# Help with Sieg Sx2.3 Mill



## Kpar (Feb 7, 2022)

I've had my Sx2.3 for a few years now and have been impressed with its performance however it seems to have developed excessive head movement even with a 6mm end mill.
I put a dial gauge on the column only a couple of thou movement but on the head you can actually see the movement .015"+ with the gib locked.
Also I have noticed that when lowering the spindle down to just touching the work then when i lock it in place it seems to lift away from the work.
Could it be the bevel wedge worn. The mill hasn't done a huge amount of work.
Any comments would be appreciated
Kpar


----------



## Longboy (Feb 8, 2022)

I find that when using the boring bar in the mill I get the "orbit" from dead center too. Doesn't seem to affect the outcome to the stock I'm working on.


----------



## Jasonb (Feb 8, 2022)

Have you tried to adjust the head gib strip?

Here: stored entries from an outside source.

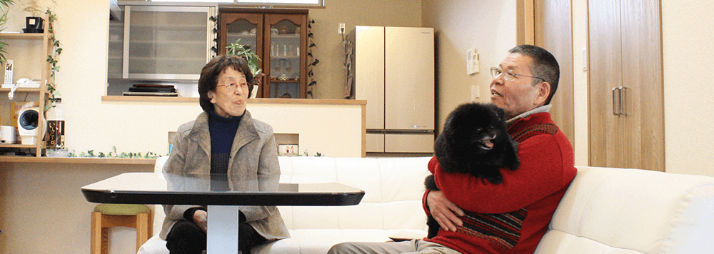 完成したわが家は、程よい大きさの平屋の家。玄関からすぐリビングに入れて、そこからすべての部屋が隣接している間取りです。家事もしやすく、何より家に居るだけで落ち着くというのがいいですね。家は人生の思い出をともに紡ぐものであり、健康を支え、生活の基盤となるものです。まず安らぐ場所でなければいけません。私たち夫婦が安らいで落ち着いているせいか、愛犬も慣れるのが早かったですね。また、こちらに引っ越してから何度か子や孫が来て、わが家を起点に岡山県を観光しています。これからもたびたび来てもらえたら、私たちも嬉しいです。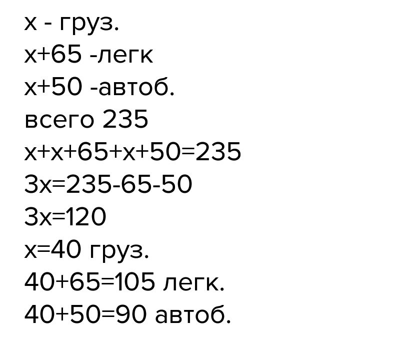 40-36=4(осталось), а 36-грузовых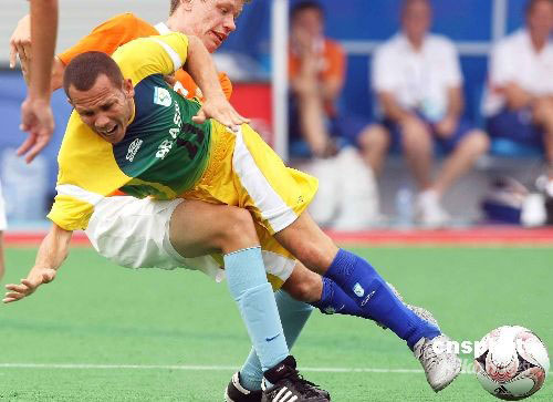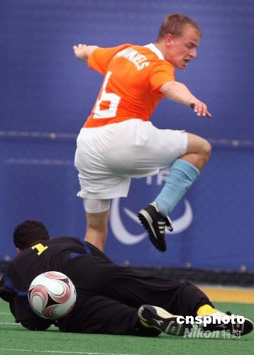 北京殘奧會七人制(男子)足球比賽9月8日在北京奧林匹克公園內的橄欖球場開賽,在一場焦點比賽中,實力強大的巴西隊與荷蘭隊遭遇,最后巴西隊以1比0擊敗荷蘭隊。圖為巴西隊11號若澤·吉馬良斯突破防線后被人高馬大的荷蘭隊5號后衛(wèi)喬伊·門斯放倒。殘奧會七人制(男子)足球比賽在橄欖球賽場舉行,全場共60分鐘,隊員為腦癱患者。中新社發(fā) 任晨鳴 攝

The lock only applies pressure at one point along the dovetail so you can still get movement if the gib is loose.

I think it is a tapered gib so you need to loosen the bottom screw, wind in the top screw to tighten a bit and then retighten the bottom screw before trying the movement, don't do it with the bottom screw loose as it can self tighten as you wind the head up.


----------



## Kpar (Feb 8, 2022)

Thanks Jasonb, Will give this a try.


----------



## AndrewW (Feb 9, 2022)

Hi Kpar
I have the sx2p version which I found is a very capable machine for it's size. The problem with the spindle moving away from the work could be associated with the tension spring on the left hand side of the head. I found massive improvements by replacing this with a gas strut. It's a popular mod and my video shows what I did. 
 
Also when I first got the machine I found that one of the gib strips on the column had been fitted incorrectly. The gibs have small indents for the adjustment screws to fit into. On mine, the screws were not aligned with the indents, so the gib slipped up and down the head. It was a 2 minute job to rectify this and adjust the gib correctly. However, this might not be the cause of your problem. 
I definitely recommend the gas strut conversion and hope you manage to get your problem sorted soon.
Cheers
Andrew


----------



## AndrewW (Feb 9, 2022)

Oops it looks like the sx2.3 is a totally different beast to my sx2p. Please ignore my previous message 🫢


----------